Preiswerte Redaktionssysteme gibt es viele, höherpreisige ebenso, aber kennen Sie den Anbieter des teuersten Redaktionssystems? Er heißt DIY. Ja, genau, denn „Do It Yourself“ ist richtig teuer, wenn es um die Technische Redaktion geht. Nehmen Sie sich also ein wenig Zeit, unsere Erfahrungen als Dienstleister kennenzulernen, bevor Sie selbst Hand anlegen.
Maßgeschneidert sitzt?
Der Gedanke liegt ja nahe, dass ein maßgeschneidertes System die Bedürfnisse der eigenen Redaktion am besten abdecken kann. Noch dazu, wenn man die entsprechende programmiertechnische Kompetenz ohnehin schon im Haus hat. Doch aus dem hausgemachten CCMS (Component Contentmanagement System) wird nur selten ein Maßanzug. Zum einen, weil der notwendige Funktionsumfang bei einem CCMS ziemlich groß ist. Wir programmieren uns ja heutzutage auch keine Textverarbeitung mehr selbst, obwohl Word und Co. deutlich einfacher sind als moderne CCMS.
Zum anderen sind die Bedürfnisse Technischer Redaktionen zwar zahlreich, aber im Kern immer die gleichen: Standards einhalten, modularisieren, Übersetzungsprozesse steuern, unterschiedliche Medientypen bereitstellen etc. Zieht man den Vergleich zur maßgeschneiderten Lösung, dann geht es bei dem Kleidungsstück also nicht um einen Anzug, sondern eher um eine Funktionsjacke: Soll viel können, besteht aus ungewöhnlichem Material und muss flexibel für verschiedene Situationen anpassbar sein. Konfektion schlägt also Maßanfertigung – auch bei Redaktionssystemen.
Vorteil Standard
Component Contentmanagement-Systeme (CCMS) sind Softwarelösungen, die eine deutliche Investition bedeuten. Im ersten Moment scheinen die Aufwände für interne Entwicklungsleistungen sich dagegen recht überschaubar zu verhalten. Noch attraktiver erscheint dieses Verhältnis, wenn die Entwicklung in Zeiten mit schwacher Auftragslage erfolgen kann.

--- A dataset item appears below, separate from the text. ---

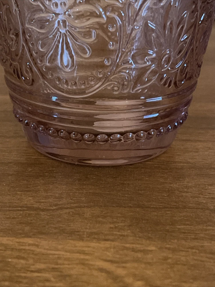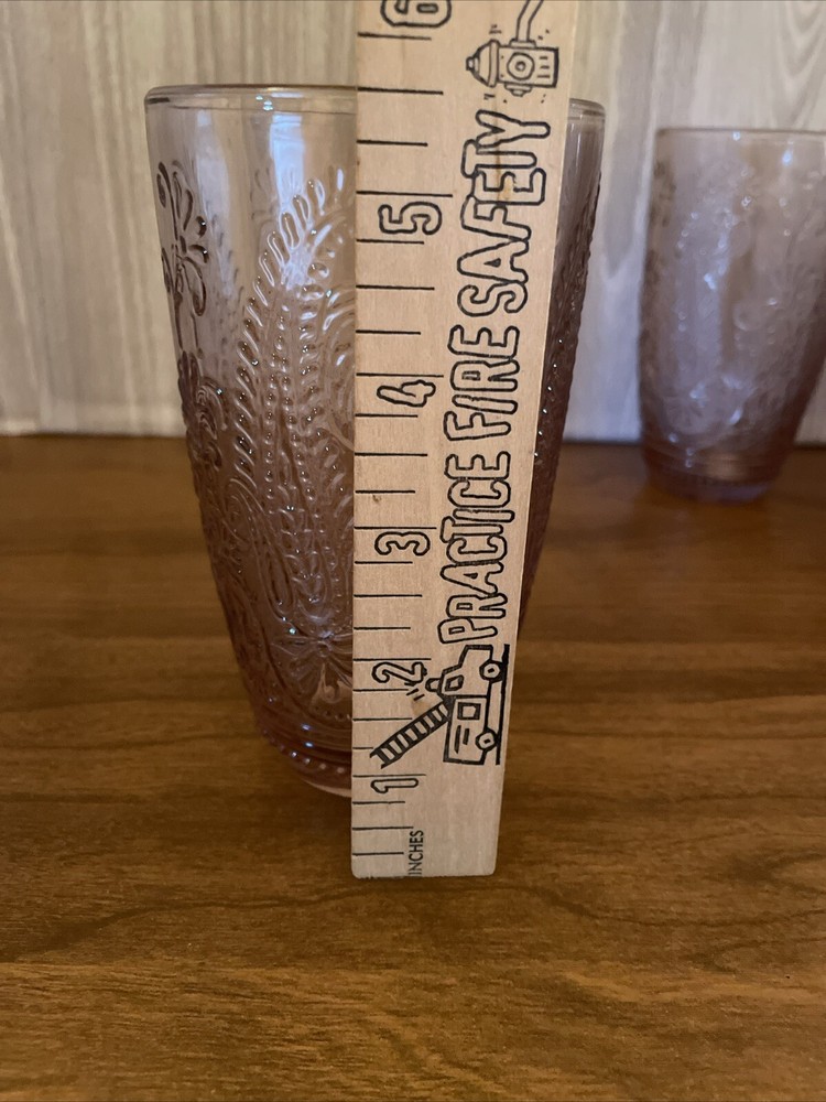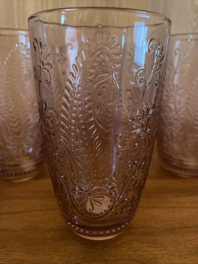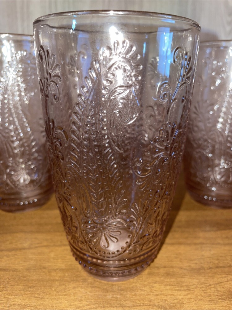 Glasses will ship in original manufacturer carton, then boxed within an outer box for extra protection in shipping. Elevate your home bar with this exquisite set of four Fitz and Floyd Maddi highball glasses. The glasses are adorned with a beautiful paisley pattern in a stunning purple color, adding a touch of sophistication to any occasion. These 15-ounce glasses are perfect for all occasions and are made of high-quality glass material. The set includes four glasses, each with a decorated feature, making it an ideal choice for a service of four. Whether you're hosting a party or enjoying a drink alone, these glasses are a must-have addition to your glassware collection.

Wo liegen aber dann die Vorteile einer Standardlösung für die Technische Redaktion? Ein erster Punkt sind die tatsächlichen Kosten: Der Aufwand für eine funktionierende Redaktionslösung ist leicht zu unterschätzen. Nur dann scheinen die Entwicklungskosten für eine Eigenentwicklung gering. CCMS sind komplexe Softwarepakete, die teilweise seit 25 Jahren kontinuierlich weiterentwickelt werden. Zwar wird man vermutlich nicht jede Funktionalität einer ausgereiften Redaktionslösung brauchen. Aber mit mehreren Personenjahren Entwicklungszeit sollte man schon kalkulieren, wenn die eigene Redaktion ähnlich leistungsfähig sein soll wie Redaktionen mit Standardsystemen.
Und hier liegt das nächste Problem der Eigenkreationen: die Zeit. Selbst programmierte Lösungen brauchen lange, bis sie operativ sind. Auch wenn sie dann einmal im laufenden Betrieb sind, haben sie ein Zeitproblem. Denn jede Neuentwicklung muss in die knappen Zeitbudgets der Entwickler passen. Die Branchenlösungen der Technischen Redaktion lassen sich hingegen oft von den Nutzer:innen selbst für vielfältige neue Einsatzzwecke anpassen. Oder ein Dienstleister kümmert sich um die Anpassungen und erledigt die Aufgabe mit Priorität statt nebenbei, wenn gerade einmal dafür Zeit ist. Und die kontinuierliche Weiterentwicklung des Systems übernimmt selbstverständlich der Hersteller, sodass auch hier kein Zeitengpass auftritt.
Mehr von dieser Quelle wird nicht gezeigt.